Continue east, crossing over the Itchen, and you may discover a Southampton that may not be familiar, yet still ticks the boxes for family living. Bitterne and Bitterne Park, like Highfield, have excellent schooling. Bitterne Manor Primary, Bittterne Park Primary and Beechwood Junior are rated ‘outstanding’. Bitterne Park secondary and sixth form is ‘good’ with ‘outstanding’ aspects, and Itchen College is ‘good’.

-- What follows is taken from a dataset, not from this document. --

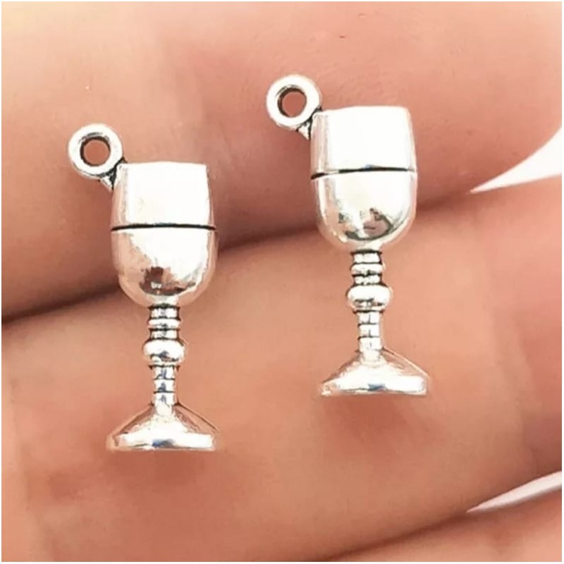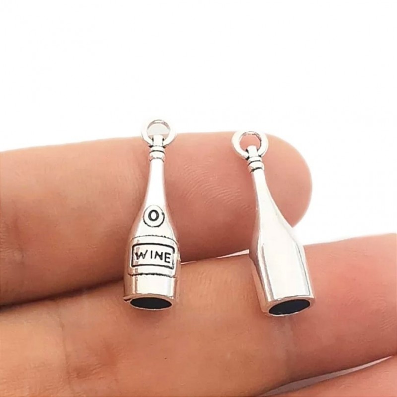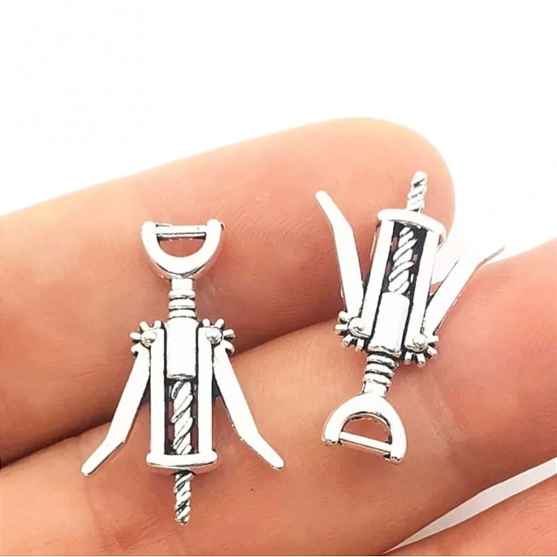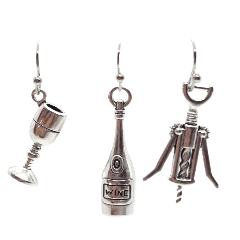 Kolczyki z zawieszkami w kształcie zestawu imprezowego: butelka wina, korkociąg i kieliszek, w kolorze srebrnym.

Property may not be as impressive as Highfield, but offers good value and there are pleasant leafy, grass-verged avenues, groves and lanes of mostly between-the-wars and post-war homes (some mock tudor, others tile hung, plus a dollop of pebble dash). 
Convenience comes in the form of stations at both Bitterne and Woolston and parades of useful if unexciting shops. Bitterne has a pedestrianised shopping centre with basics covered from banks to Boots and a big Sainsbury’s. Bitterne Park feels more villagey. There is a focus on the ‘Triangle’ with a mix of traditional shops and hip eateries, including hardware store, bakery, butcher with deli, trendy Butcher’s Hook alehouse and a good collection of cafes: Miss Ellie’s for hearty breakfasts, Songbrid Ice Cream Cafe and Creative Space to indulge in millionaire’s shortbread ice cream, and Il Picchio caffe for authentic foccacia and antipasti.

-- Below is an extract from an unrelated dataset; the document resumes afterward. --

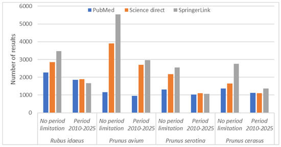 More general terms, such as plant waste, twigs, biomass, or extraction of phenolic compounds, generated a very large number of results (over 26,000 for prunus woody biomass and over 16,000 for Rubus woody biomass). However, only those sources that were directly related to the species analyzed were retained for evaluation.

Best of all are Southampton’s trademark stretches of green with parks and recreation grounds. There is the aforementioned Peartree Green as well as heavily treed Freemantle Common bordered by good family houses - with some enjoying those far reaching views mentioned earlier. A particular highlight, however, is Riverside Park. This is nearly 80 acres of parkland alongside the Itchen with footpaths and cycle routes, popular, noisy bits, such as a skate park, tennis court, miniature railway, cricket pitches and football pitches, and quieter bits with picnic tables overlooking a shingle beach where you can sit and watch the river flow. And there are dogs. Many dogs. Which is fine, but just beware of dog poo. (Come on, folks, this park is a fabulous amenity, don’t forget to bin it!) There are also opportunities to take to the water, kayaking and canoeing at clubs and centres such as Woodmill Outdoor Activities Centre. On a weekend the park and the river are a joy, showing that Southampton is not just about its busy centre, but about family lifestyle, too. 

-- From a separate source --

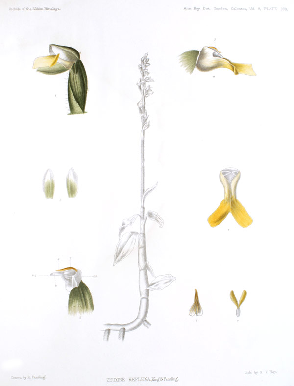 References W3 Tropicos, Kew Monocot list , IPNI ; *The Orchids of Sikkim-Himalaya Part 1 King & Pantling 1898 drawing fide; Indian Orchids, Guide to Identification and Culture Pradhan 1976 drawing fide; Orchids of Bhutan Pearce & Cribb 2002; Flora of China Vol 25 Zhengyi, Raven and Deyuan 2009 not = Z gracilis; Flora of China Vol 25 Zhengyi, Raven and Deyuan 2010 not = Z gracilisdrawing fide; The Wild Orchids of Hong Kong Barretto, Cribb and Gale 2011 under Z gracilis; Zeuxine reflexa (Orchidaceae) - a report on its occurrence and conservation status in India Kumar, Bhattacharjee, Venu and Rao 2013 photo/drawing fide;

Agent talk - Lee Turner, Pearsons

“People moving to Highfield do so because of one or all of the key positives of the local infrastructure. For some it is the excellent schooling, for others it may be the proximity to the University or the convenience of access to many day to day facilities and the city, while still benefiting from a village community feel.

With such a broad range of reasons to move to the area, Highfield is considered one of the most popular areas in the city and demand always exceeds supply.

Situated just across the river from the city centre, Bitterne and Bitterne Park attracts the entire demographic of buyers. Bitterne Park is particularly popular with families - the superb schooling in the area plays a huge part in that, helping to propel prices. Bitterne has also faired well and offers excellent value for money and a diverse range of housing stock.

All areas offer anything from a contemporary apartment to a substantial period home and everything in between. The profile of a buyer can range from a first time buyer looking for a studio apartment through to a family or overseas buyer being relocated and needing a substantial home, to someone retiring and looking to downsize to an apartment or bungalow.”